We have no positive knowledge of what the first condition of terrestrial matter was, apart from Revelation. The remarkable discoveries that the spectroscope has enabled, and the facts learned from the physical history of comets and meteorites, can do no more than make what is known as the "nebular hypothesis" highly probable. But it is amply sufficient for our purpose to point out, that if it is true that matter originated in a nebulous haze to the particles of which a spiral rotatory motion had been communicated, and if (confining our attention to one planet only) that attenuated matter gradually aggregated in a ring or rings, and then consolidated into a solid or partly solid globe, then the results are briefly, but adequately and sublimely, provided for by the form of the Mosaic statement.

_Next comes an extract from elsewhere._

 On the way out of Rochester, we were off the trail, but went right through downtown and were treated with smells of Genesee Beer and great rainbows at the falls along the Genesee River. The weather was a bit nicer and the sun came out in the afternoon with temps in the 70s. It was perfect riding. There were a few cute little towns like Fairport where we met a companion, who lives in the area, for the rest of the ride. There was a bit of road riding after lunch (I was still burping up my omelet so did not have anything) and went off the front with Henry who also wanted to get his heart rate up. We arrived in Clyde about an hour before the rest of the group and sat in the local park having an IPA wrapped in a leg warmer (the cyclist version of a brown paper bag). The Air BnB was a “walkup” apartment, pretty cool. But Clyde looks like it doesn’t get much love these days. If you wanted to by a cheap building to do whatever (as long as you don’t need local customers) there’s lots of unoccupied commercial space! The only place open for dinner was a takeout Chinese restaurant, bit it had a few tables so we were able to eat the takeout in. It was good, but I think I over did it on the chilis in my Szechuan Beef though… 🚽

Matter thus aggregating would have developed an enormous amount of heat, and there would have been a seething mass of molten mineral matters, with gases and other materials in the form of vapours, which would have gradually cooled and consolidated. Vast masses of water would in time be formed on one hand, and solid mineral masses on the other; the latter would contract as cooling progressed, causing great upheavals and depressions and contortions of strata. And before the advent of life-forms, it is not difficult to conceive that the first state of our globe was one which is intelligibly and very graphically described as being "without form and void." Nothing more than that, can, from actual physical knowledge, be stated.[[62]]

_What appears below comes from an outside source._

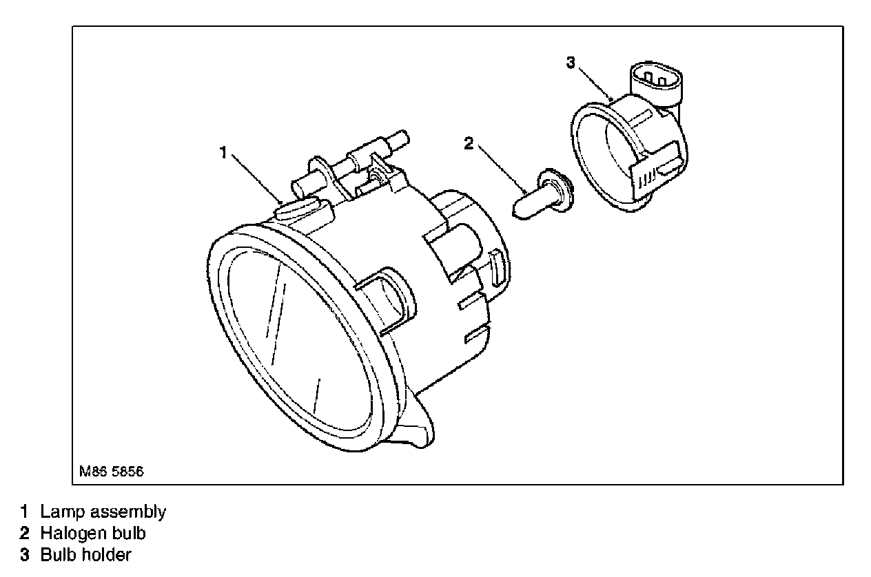 The direction indicator fog lamp and side lamp bulbs are located in a holder. The holders is secured in the lamp housing by two plastic clips. The holder has a connector to allow for connection to the electrical harness.

It is also stated that this confused elemental state of our earth was accompanied at first by darkness. Material darkness that is—for the potentiality of light and order was there; the SPIRIT OF GOD "moved" (or brooded) upon the face of the abyss. This presents no difficulty of interpretation, and may therefore be passed over for the present.
Practically, indeed, there has been no grave difficulty raised over this first portion. And if it is argued (on the ground of what I have already in general terms indicated) that the term "created" will, on my own interpretation, get us into difficulties, I reply that here, in its position and with the context, there is no room for doubt, for clearly the word implies both the great primary idea of the Divine design or plan formulated in heaven, and the subsequent result in time and space.[[63]] This will become more clear when I have further explained the subject.

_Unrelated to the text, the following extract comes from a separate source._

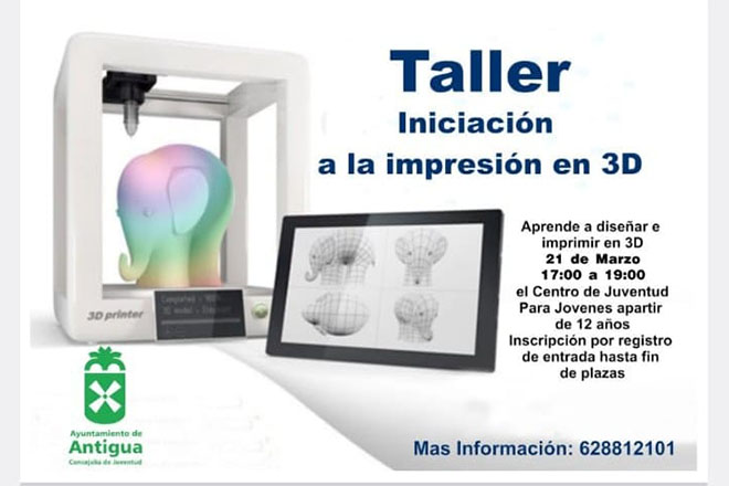 El Ayuntamiento de Antigua desde la concejalía de Juventud organiza el Taller de Iniciación a la impresión en 3D dirigido a los jóvenes mayores de 12 años con inquietudes en programas de diseño orientados a su reproducción con la última tecnología y material para impresión en tres dimensiones.

II.—THE SECOND PART OF THE NARRATIVE.
But from this point the narrative commences to be more precise, and to exhibit a very singular and altogether unprecedented division of creative work into "days."
Now I have already indicated my doubt whether we ought to import any unusual meaning to explain this term.
In the first place, the objection that till the movements and relations of the sun to the earth were ordained there would be no measure of a day> will not stand a moment's examination. Nor will the further objection sometimes made, that even with the sun, a day is a very uncertain thing: for example, a day and a night in the north polar regions are periods of month-long duration, quite different from what they are in England, or at Mount Sinai. Obviously, a "day" with reference to the planet for which the term is used, means the period occupied by one rotation of the planet on its own axis. The rotation of the earth is antecedent to anything mentioned in the narrative we are considering. In the nature of things, it would have been coeval with the introduction of the prima materies—at least if any nebular hypothesis can be relied on. The "day" would be there whether it were obscured by vapours or not, and whether specially made countable and recognizable by what we call the rising and setting of the sun, or not, and whether we were standing in Nova Zembla or in Australia.
Nor is it of much use to refer to the general use of "day" for indefinite periods, which is just as common in the English of to-day as it was in the Hebrew of the Old Testament. But the double use of the term in different senses has become general, just because it was found in practice that no confusion ordinarily resulted; and surely such a practice would not have been common, or at any rate would have been specially avoided in the sacred volume, wherever any mistake or confusion was likely or even possible.